I do not think nicely pointing out that someone is doing something wrong is a bad thing.  In this case you were being inconvenienced, and this couple should have at least offered to let you go ahead of them.  If you are ever in this situation again, (and perhaps you did this), you can say something like, “Excuse me, did you realize that you are in the 15 item or less line.”  If the say yes, and do not budge, you can then feel free to ask them to let you cut ahead.  If they do not, unless the cashier steps in, there is not a lot that you can do about it.  Some people are just stubborn, and you sometimes have to let things go. 

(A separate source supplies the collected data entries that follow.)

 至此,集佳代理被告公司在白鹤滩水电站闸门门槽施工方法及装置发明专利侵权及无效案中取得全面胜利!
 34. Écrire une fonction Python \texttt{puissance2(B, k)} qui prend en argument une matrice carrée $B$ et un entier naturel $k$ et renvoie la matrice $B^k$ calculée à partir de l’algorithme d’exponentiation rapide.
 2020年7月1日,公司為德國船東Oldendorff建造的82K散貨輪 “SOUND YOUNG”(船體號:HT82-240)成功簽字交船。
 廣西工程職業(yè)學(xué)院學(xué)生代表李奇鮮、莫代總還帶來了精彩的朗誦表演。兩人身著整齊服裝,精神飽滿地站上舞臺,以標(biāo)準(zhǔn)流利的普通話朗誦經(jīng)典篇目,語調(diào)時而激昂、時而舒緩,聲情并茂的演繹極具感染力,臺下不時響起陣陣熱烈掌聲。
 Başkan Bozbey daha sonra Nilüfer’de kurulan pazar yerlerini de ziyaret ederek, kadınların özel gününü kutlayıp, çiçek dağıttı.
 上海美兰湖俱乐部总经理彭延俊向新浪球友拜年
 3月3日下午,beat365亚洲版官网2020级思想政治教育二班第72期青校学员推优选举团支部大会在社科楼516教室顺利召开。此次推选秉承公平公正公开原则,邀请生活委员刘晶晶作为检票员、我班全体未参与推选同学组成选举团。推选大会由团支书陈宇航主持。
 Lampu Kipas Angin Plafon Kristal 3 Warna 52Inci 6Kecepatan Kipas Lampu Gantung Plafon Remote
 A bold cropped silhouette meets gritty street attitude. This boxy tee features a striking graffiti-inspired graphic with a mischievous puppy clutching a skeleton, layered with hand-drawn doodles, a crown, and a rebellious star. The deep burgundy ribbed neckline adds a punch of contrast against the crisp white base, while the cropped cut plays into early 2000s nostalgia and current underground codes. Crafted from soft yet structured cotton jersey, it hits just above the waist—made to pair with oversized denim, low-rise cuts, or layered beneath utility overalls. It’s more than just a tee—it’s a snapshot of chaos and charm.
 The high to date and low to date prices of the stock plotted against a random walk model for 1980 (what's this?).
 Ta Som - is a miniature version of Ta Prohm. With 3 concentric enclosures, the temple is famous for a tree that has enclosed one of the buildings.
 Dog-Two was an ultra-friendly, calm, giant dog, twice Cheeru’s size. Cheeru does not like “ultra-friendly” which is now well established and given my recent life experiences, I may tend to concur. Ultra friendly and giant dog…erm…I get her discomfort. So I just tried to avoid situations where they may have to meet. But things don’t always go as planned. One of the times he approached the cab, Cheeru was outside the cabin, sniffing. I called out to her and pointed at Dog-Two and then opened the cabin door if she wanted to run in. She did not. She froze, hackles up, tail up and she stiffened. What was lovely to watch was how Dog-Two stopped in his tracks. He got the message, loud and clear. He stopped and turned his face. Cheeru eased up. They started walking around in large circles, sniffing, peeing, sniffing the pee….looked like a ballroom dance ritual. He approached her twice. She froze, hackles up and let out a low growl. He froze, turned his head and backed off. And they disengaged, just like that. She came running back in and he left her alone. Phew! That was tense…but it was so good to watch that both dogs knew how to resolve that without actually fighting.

Posted by Elise M. McVeigh on Oct 15, 2009 1:25 PM
Dear Mrs. McVeigh,

My dear, sweet husband and I were at a party last week, and he did what everyone does just once.  He asked a woman when she was due.  Guess what?  She is not pregnant.   After she embarrassingly told him she was not pregnant, he turned red, mumbled an apology, and slinked away.  The whole group standing there was horrified.  I guess that happens to everyone at least once in their life.  Should he now call the woman and apologize again, or just let it go.  We both feel terrible about it!

Anonymous

 

Dear Anonymous,

That does happen to a lot of people, and as a result, we never ask someone if they are expecting again.  I think your husband, and the woman, are embarrassed enough, and there is no need to mention it again.  Etiquette says to not mention anything that would make a person uncomfortable, so I would let it go.  Your husband apologized once, and that is enough.

 

Dear Mrs. McVeigh,

Recently I have been to various meetings where there has been some kind of speaker.  They have included an Open House at our son’s school, a Sunday school class, as well as several other similar venues.  I noticed at all of these meetings that people who arrived late chose to walk in front of the speaker, when they had a perfect opportunity to walk around or behind the person at the front speaking.   Have rules changed about this?  Would you kindly mention this in your column, and remind people how rude this is?  Thank you.

Anonymous

 

Dear Anonymous,

The rules definitely have not changed, and walking in front of a speaker is very rude.  If there is not an opportunity to quietly go around a speaker, then stand at the door, and wait until an appropriate break to walk in and take a seat.  The speaker may invite you to walk in front of him, and if he does, then feel free to do so, accompanied by an apology to him. 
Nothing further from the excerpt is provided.